Factory transfer documentation in industrial parks
To ensure a smooth and legally compliant transfer of factory ownership within an industrial park, complete documentation is essential. According to Clause 2, Article 7 of Circular 33/2017/TT-BTNMT, the transfer dossier must include the following documents:
Required documents from the transferor
- Land lease agreement within the industrial park
- Certificate of Land Use Rights
- Written approval of the transfer from the industrial park infrastructure developer
- Investment Registration Certificate (IRC) or investment policy approval letter
- Construction permit for the factory (if applicable)
- Approved master plan for the factory (if applicable)
- Land and land-attached asset transfer registration form
- Power of attorney (if a representative is handling the procedures)
Required documents from the transferee
- Investment Registration Certificate (IRC)
- Official approval letter from the competent authority allowing project acquisition
- Receipts for taxes, fees, and other related payments (if applicable)
- Financial statements or documentation proving financial capacity (if applicable)
Note: The factory transfer contract in an industrial park must be notarized according to current legal regulations.

The transferee must hold a valid Investment Registration Certificate (IRC).
Frequently asked questions about factory transfers
What costs are involved in transferring a factory?

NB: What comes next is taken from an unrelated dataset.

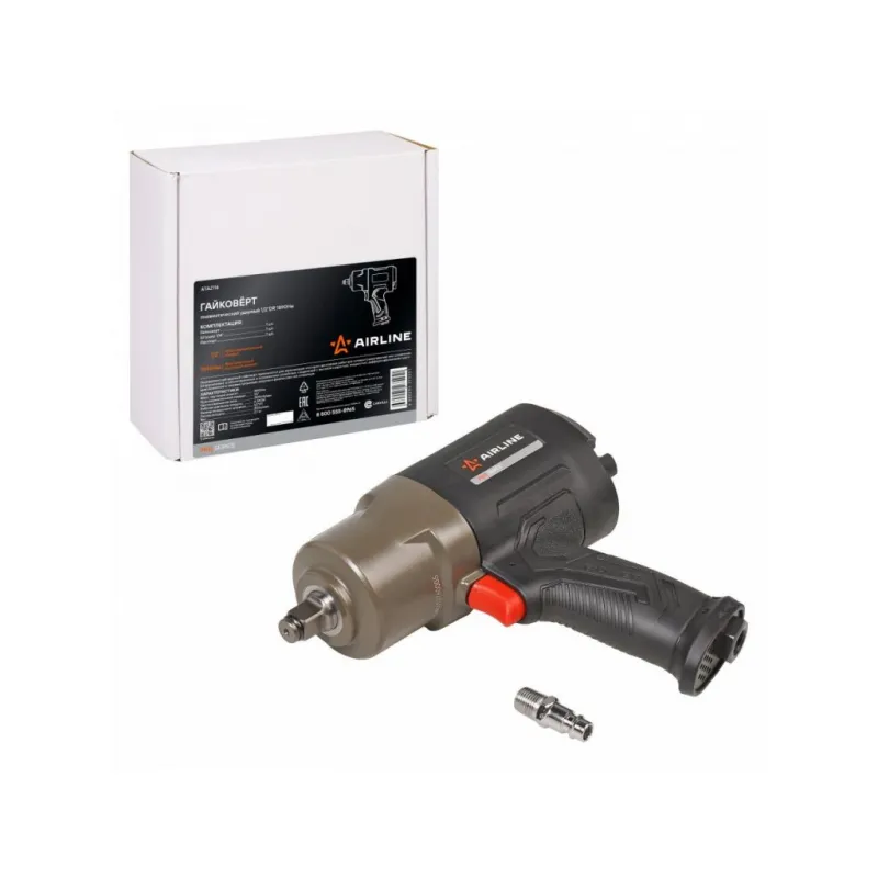 Гайковерт пневматический ударный композитный 1/2"DR 1890Нм PRO МП-серия Описание: Пневматический ударный гайковерт применяется для механизации слесарно-монтажных работ для затяжки (закручивания) или ослабления (откручивания) особонагруженных и осложненных резьбовых соединений с высокой скоростью, мощностью, дифференцированным крутящим моментом и низкими затратами энергии и физических сил оператора. Характеристики: Артикул: ATAZ214 Вес, кг: 2.2 Присоединительный квадрат: 1/2" Тип ударного механизма: Двойной молот (Twin Hammer) Диаметр присоединительного штуцера: 1/4" Частота вращения вала, об/мин: 8000 Рабочее давление воздуха, АТМ: 6.3 Расход воздуха, л/мин: 184 Макс. крутящий момент, Нм: 1890 Комплектация: Коробка - 1 шт Штуцер 1/4" - 1 шт Паспорт - 1 шт Гайковёрт - 1 шт Гарантия: от 1 года.
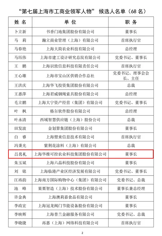 华维董事长吕名礼荣列上海市工商业领军人物

When transferring a factory in an industrial park, costs may vary depending on the nature of the assets and terms agreed between parties. However, some fees are typically mandatory, including:
- Registration fee (0.5%)
- Value Added Tax (VAT – 10%)
- Land administration fee
- Notarization fee
- Personal income tax or corporate income tax (depending on the party and current tax laws)
What happens to the land use rights during a factory transfer?
How land use rights are handled depends on the type of property being transferred and the contract terms. In most cases, both the factory and land use rights are transferred together. Below are two common scenarios based on land lease types:
Scenario 1: One-time payment for industrial land lease
- If the factory owner has paid the land lease in full for the entire lease term, they may transfer both the land use rights and the attached factory structure.
- The transferee will receive full rights to both assets upon completion of the transfer contract.
Scenario 2: Annual payment for industrial land lease
- In this case, the land use rights cannot be transferred. The transferor may only:
- Transfer assets attached to the land (i.e., the factory)
- Transfer the right to lease the land under the existing lease contract
Details:
- The transferee of the land-attached assets continues leasing the land from the industrial park developer
- The transferee of the lease inherits the full rights and obligations of the original land lease agreement
If the transaction does not include land lease rights, the transferee only owns the factory, while the land lease remains under the transferor’s name, who continues to fulfill the financial obligations to the State.
Is transferring a factory in an industrial park or export processing zone legal?
Yes. According to the Land Law 2013, transactions involving assets attached to land leased from the State are clearly defined and legally permissible. Therefore, businesses can legally transfer factories in industrial parks or export processing zones, provided they fully comply with applicable legal conditions.
Conclusion
The above is a comprehensive overview of the factory transfer process in industrial parks, provided by KTG Industrial. Understanding the legal procedures and preparing all necessary documents and conditions in advance will help businesses save time, reduce costs, and minimize legal risks.
If you are considering buying or transferring a factory, take the time to thoroughly research the process—or consult a professional legal advisor to ensure smooth and lawful execution.